Sebab itu, Ombudsman melakukan investigasi atas prakarsa sendiri (IN) sesuai pasal 7 huruf d Undang-Undang Nomor 37 Tahun 2008 tentang Ombudsman RI. Nantinya, jelas dia, hasil investigasi merumuskan tindakan korektif dalam penyelenggaraan kompetisi sepak bola. Bukan mengarah ke tindak pidana.
Najih menuturkan bahwa investigasi dilakukan terkait aspek pelayanan publik. Mulai sebelum peristiwa, saat peristiwa, realisasi bantuan, hingga penegakan hukumnya. Sejauh ini, tim masih terus mengumpulkan data valid baik di lokasi kejadian hingga kelengkapan dokumen.
”Kita menaruh perhatian terkait aspek pelayanan publiknya. Sampai saat ini, kita mulai masuk untuk investigasi ke semua pihak, termasuk pemeriksaan kepada tersangka, kita monitor terus,” ungkap Najih.
Sebelumnya, Ombudsman juga telah merilis temuan maladministrasi dari sejumlah aspek yang diabaikan sesuai Pasal 1 huruf 2 Regulasi Keselamatan dan Keamanan (RKK) PSSI 2021, yaitu kelebihan jumlah penonton, kepastian layanan kedaruratan, hingga mekanisme pengendalian massa oleh pihak kepolisian yang berlebihan.

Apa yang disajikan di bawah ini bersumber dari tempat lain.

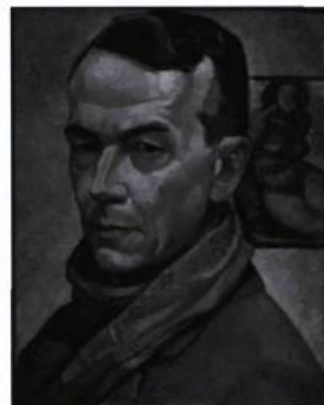
Autoportrait d'Edwin Holgate, huile sur panneau, 41 x 31,6 cm, 1934.

Du 26 mai au 23 octobre, le Musée des beaux-arts de Montréal présente l'exposition rétrospective « Edwin Holgate ». Cet artiste qui fut le huitième membre du Groupe des Sept est considéré comme une figure majeure de la communauté artistique montréalaise et de l'histoire de l'art canadien. L'exposition, une première depuis son décès en 1977, réunira 145 tableaux, dessins, aquarelles, estampes, illustrations de livres et photographies d'archives. Elle traitera de plusieurs aspects de sa production artistique : ses premières œuvres réalisées à Montréal, sa formation à Paris, les portraits de sa famille et de son cercle d'amis, les tableaux et gravures réalisés lors de son voyage en Colombie-Britannique et ses dessins et tableaux d'artiste militaire. Montréal. Information : (514) 285-1600 ou www.mbam.qc.ca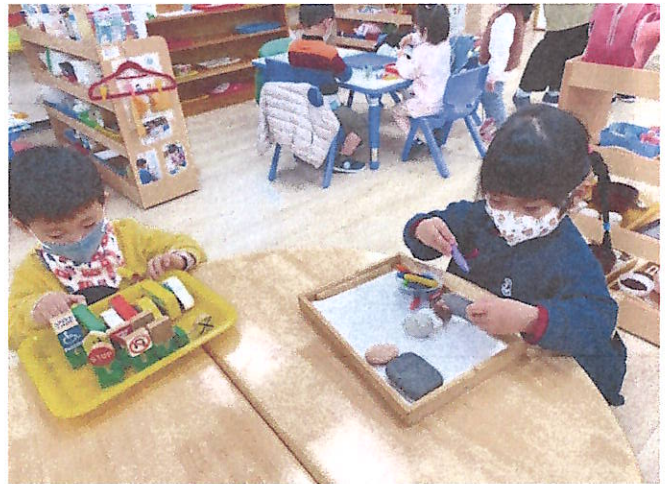
主題與學習區探索:數學、藝術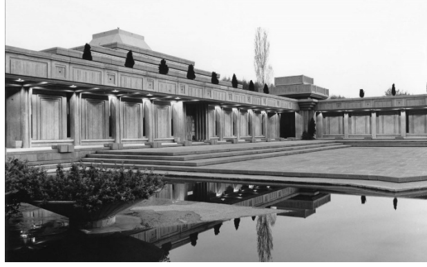
Şekil 7: TBMM Cami, Ankara (URL-6)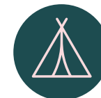
Zona de picnic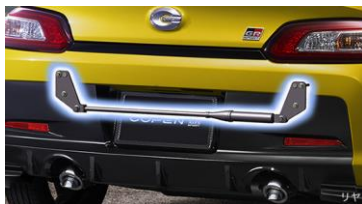
GRパフォーマンスダンパーフロント/リヤ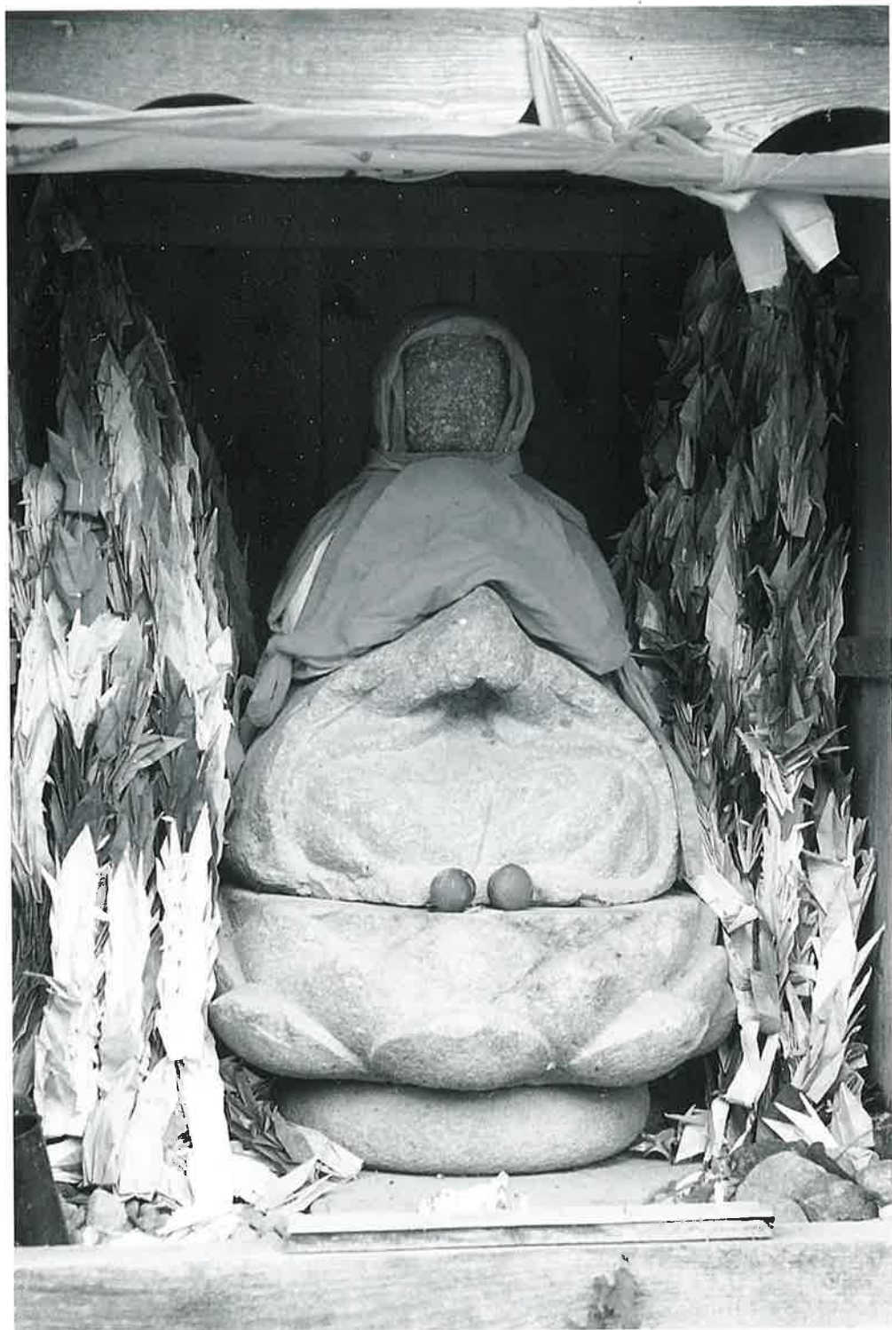
吉野地蔵（宇木の部No.72）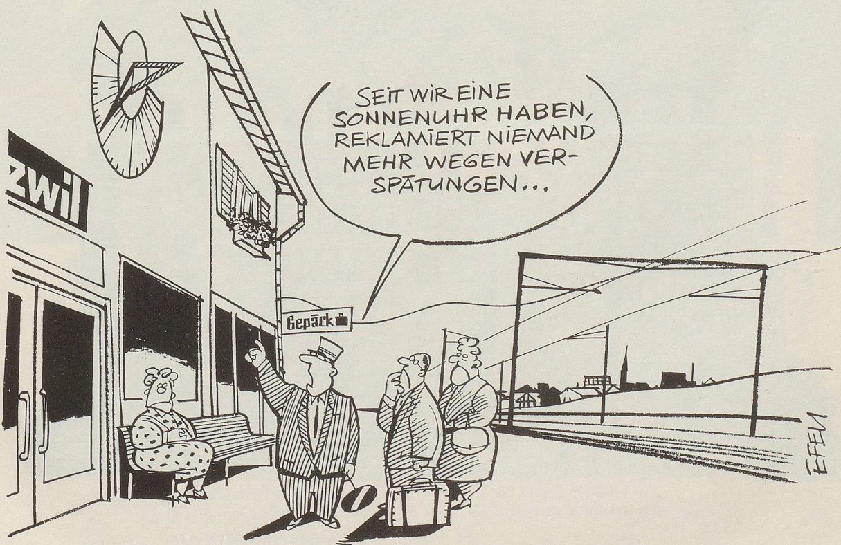
Aus verschiedenen Gründen, die zusammenwirken, sind die SBB aus dem Takt geraten. Täglich häufige Verspätungen sind nicht mehr die Ausnahme, sondern die Regel.

Kata dia, dalam aturan itu sudah jelas menjamin keselamatan dan keamanan penonton di dalam stadion. Apalagi, insiden penembakan gas air mata itu mengakibatkan kepanikan massa sehingga saling berebut mencari pintu keluar. Faktanya, situasi ini justru semakin membuat korban jiwa berlipat ganda. Padahal, meski penembakan gas air mata sesuai dengan Perkapolri Nomor 16 Tahun 2006 tentang Pedoman Pengendalian Massa, namun dinilai tidak tepat karena kondisi stadion yang tidak sesuai standar. Lagipula, cara pengamanan seperti itu juga menyalahi standar FIFA pada pasal 19 FIFA terkait Stadium Safety and Security.
Selain itu, Ombudsman juga sedang mendalami soal kebijakan PT LIB yang bersikeras agar derby Jatim itu tetap dilangsungkan pada malam hari. Meski begitu, Ombudsman tidak berfokus soal itu.
Pada dasarnya, kelalaian dalam memitigasi potensi kerusuhan itu termasuk dalam maladministrasi sesuai UU Nomor 25 Tahun 2009 tentang Pelayanan Publik. Belum lagi, polisi juga memunculkan simbol “Surabaya” dengan menggunakan kendaraan taktis (rantis) atau truk polisi bertuliskan Polrestabes Surabaya.
”Dari kami masih akan terus menelusuri lebih dalam terkait potensi maladministrasi ini,” tegas Najih.